**Task brief:** Each entry is to be retyped exactly as it appears, and each image is to be dropped.

**Data supplied:**

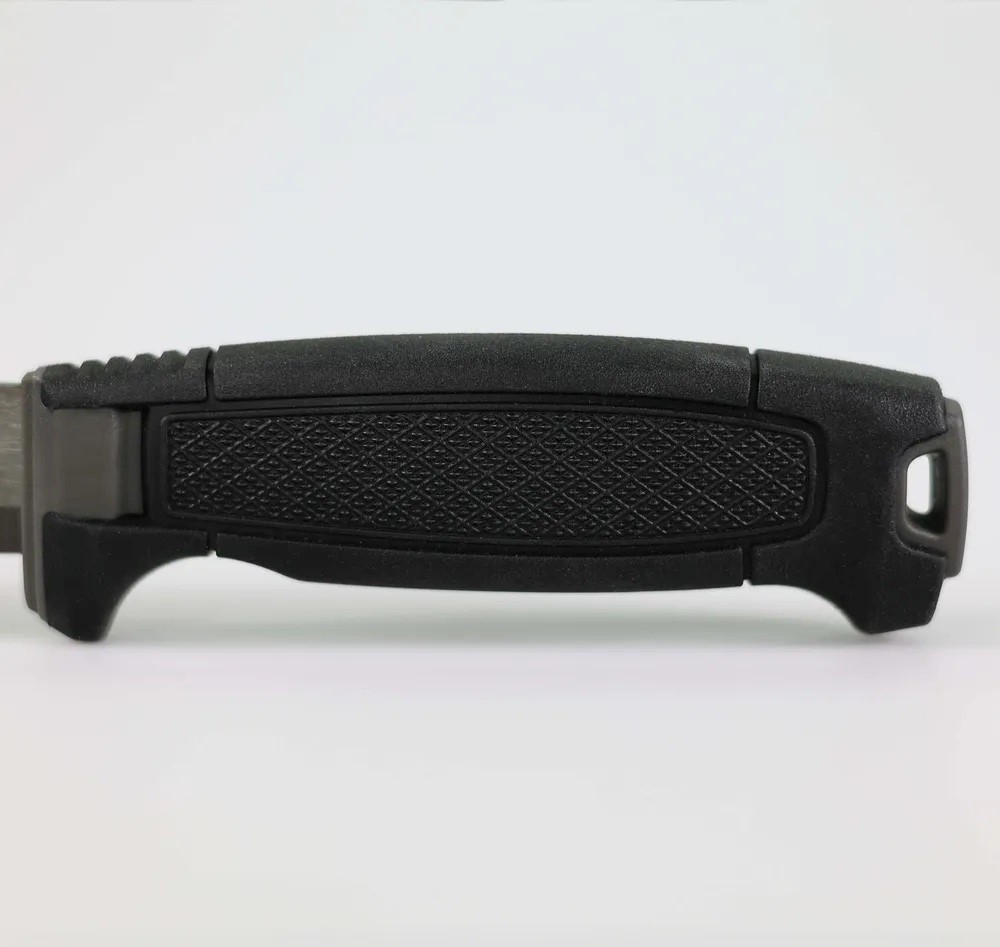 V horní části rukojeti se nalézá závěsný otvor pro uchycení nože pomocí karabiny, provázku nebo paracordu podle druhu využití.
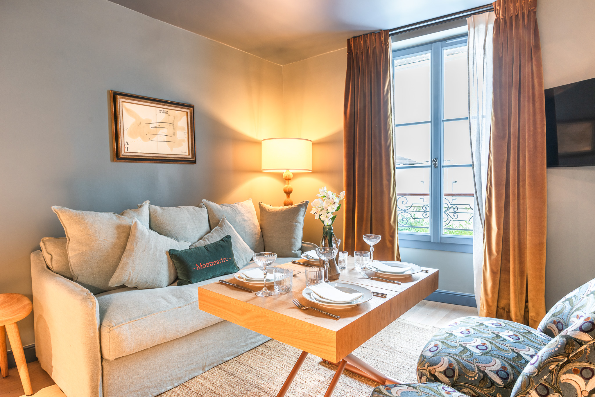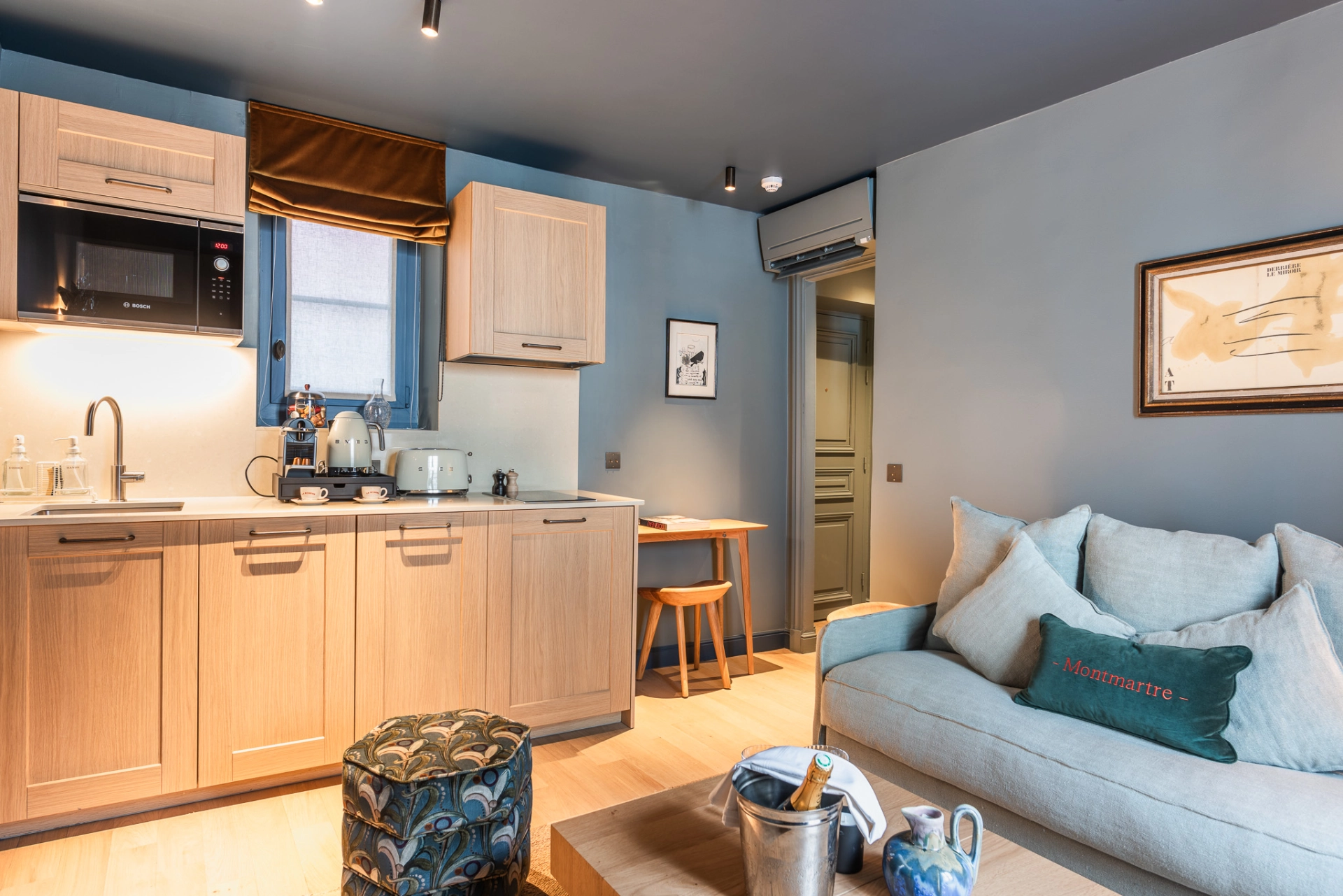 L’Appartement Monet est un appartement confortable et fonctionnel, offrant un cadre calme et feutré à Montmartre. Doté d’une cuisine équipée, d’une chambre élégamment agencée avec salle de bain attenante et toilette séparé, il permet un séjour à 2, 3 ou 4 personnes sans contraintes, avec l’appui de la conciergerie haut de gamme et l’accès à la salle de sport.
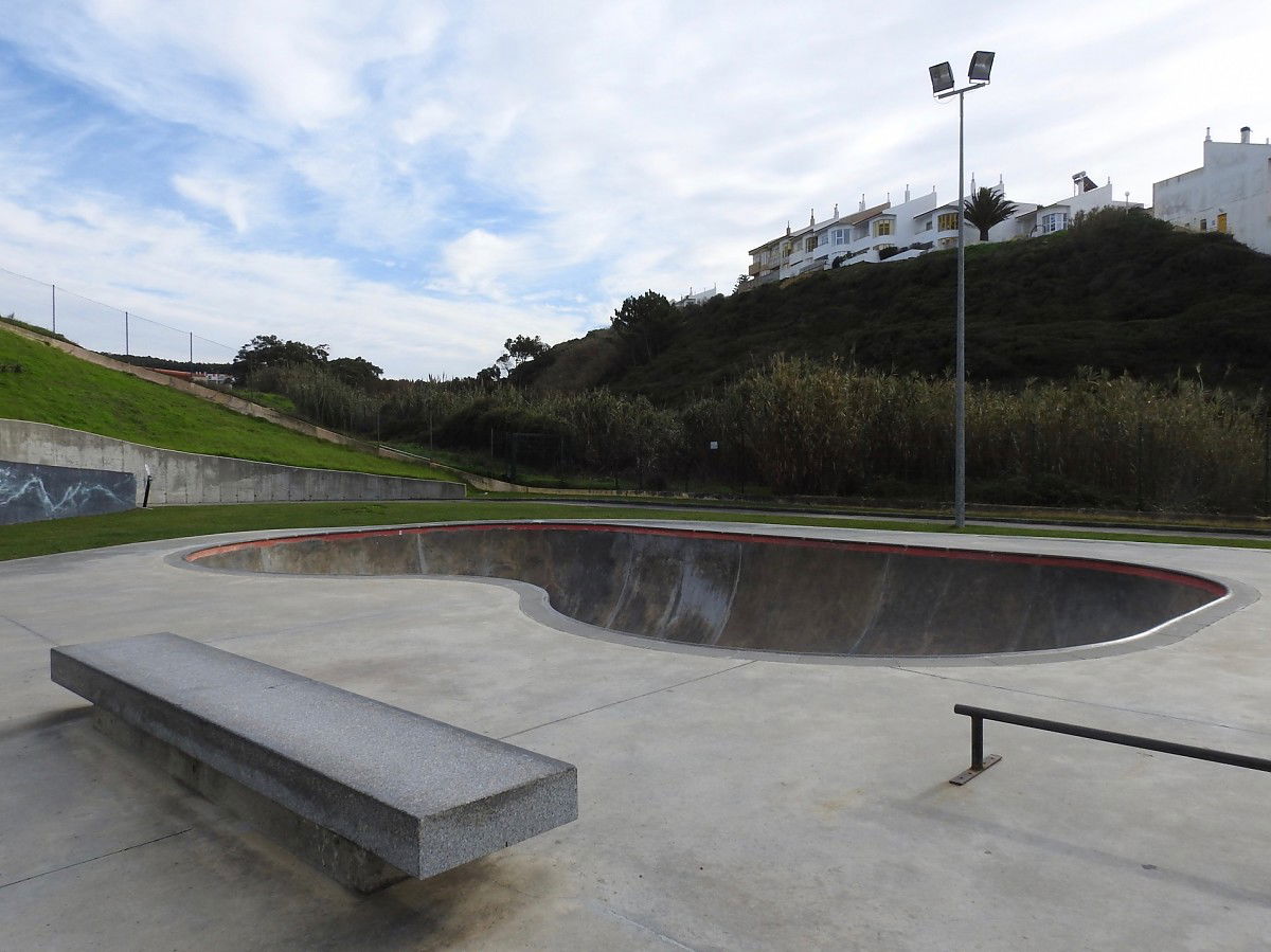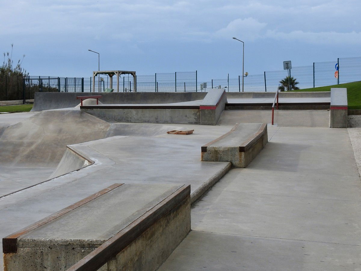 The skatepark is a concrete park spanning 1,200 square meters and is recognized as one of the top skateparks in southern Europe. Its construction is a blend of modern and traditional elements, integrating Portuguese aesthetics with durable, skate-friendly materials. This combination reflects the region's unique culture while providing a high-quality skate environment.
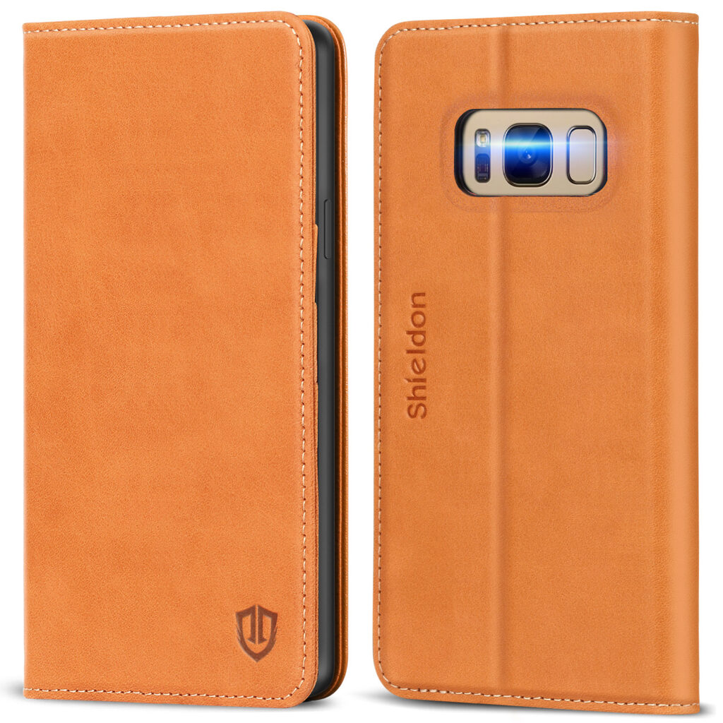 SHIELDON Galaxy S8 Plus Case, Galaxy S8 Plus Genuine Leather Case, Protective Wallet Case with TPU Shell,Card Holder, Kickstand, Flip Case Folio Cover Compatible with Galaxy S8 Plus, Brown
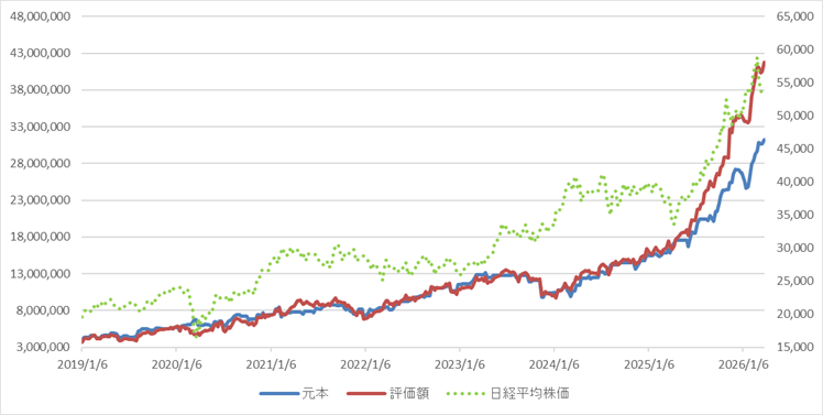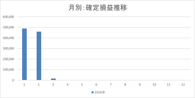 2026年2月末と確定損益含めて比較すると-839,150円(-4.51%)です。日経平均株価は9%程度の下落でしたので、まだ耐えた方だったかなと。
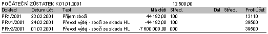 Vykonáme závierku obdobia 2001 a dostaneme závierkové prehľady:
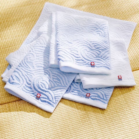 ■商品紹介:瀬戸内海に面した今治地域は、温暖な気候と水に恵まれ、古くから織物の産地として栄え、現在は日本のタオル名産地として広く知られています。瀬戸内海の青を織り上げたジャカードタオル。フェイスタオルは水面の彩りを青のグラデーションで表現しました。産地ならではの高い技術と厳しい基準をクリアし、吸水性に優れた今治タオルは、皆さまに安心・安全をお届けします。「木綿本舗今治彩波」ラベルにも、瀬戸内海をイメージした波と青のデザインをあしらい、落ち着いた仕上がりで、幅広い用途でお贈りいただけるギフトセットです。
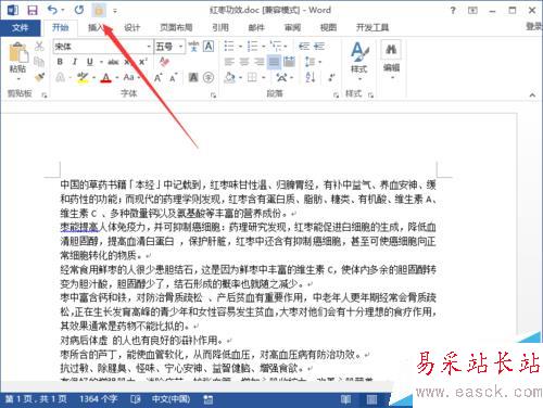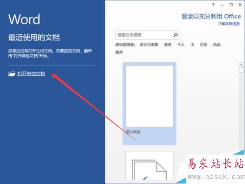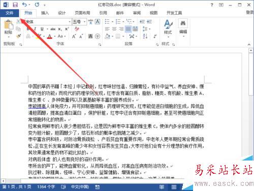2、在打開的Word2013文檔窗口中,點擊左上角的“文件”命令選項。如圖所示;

**Written answer:**
 V horní části rukojeti se nalézá závěsný otvor pro uchycení nože pomocí karabiny, provázku nebo paracordu podle druhu využití.
 L’Appartement Monet est un appartement confortable et fonctionnel, offrant un cadre calme et feutré à Montmartre. Doté d’une cuisine équipée, d’une chambre élégamment agencée avec salle de bain attenante et toilette séparé, il permet un séjour à 2, 3 ou 4 personnes sans contraintes, avec l’appui de la conciergerie haut de gamme et l’accès à la salle de sport.
 The skatepark is a concrete park spanning 1,200 square meters and is recognized as one of the top skateparks in southern Europe. Its construction is a blend of modern and traditional elements, integrating Portuguese aesthetics with durable, skate-friendly materials. This combination reflects the region's unique culture while providing a high-quality skate environment.
 SHIELDON Galaxy S8 Plus Case, Galaxy S8 Plus Genuine Leather Case, Protective Wallet Case with TPU Shell,Card Holder, Kickstand, Flip Case Folio Cover Compatible with Galaxy S8 Plus, Brown
 2026年2月末と確定損益含めて比較すると-839,150円(-4.51%)です。日経平均株価は9%程度の下落でしたので、まだ耐えた方だったかなと。
 Vykonáme závierku obdobia 2001 a dostaneme závierkové prehľady:
 ■商品紹介:瀬戸内海に面した今治地域は、温暖な気候と水に恵まれ、古くから織物の産地として栄え、現在は日本のタオル名産地として広く知られています。瀬戸内海の青を織り上げたジャカードタオル。フェイスタオルは水面の彩りを青のグラデーションで表現しました。産地ならではの高い技術と厳しい基準をクリアし、吸水性に優れた今治タオルは、皆さまに安心・安全をお届けします。「木綿本舗今治彩波」ラベルにも、瀬戸内海をイメージした波と青のデザインをあしらい、落ち着いた仕上がりで、幅広い用途でお贈りいただけるギフトセットです。
2、在打開的Word2013文檔窗口中,點擊左上角的“文件”命令選項。如圖所示;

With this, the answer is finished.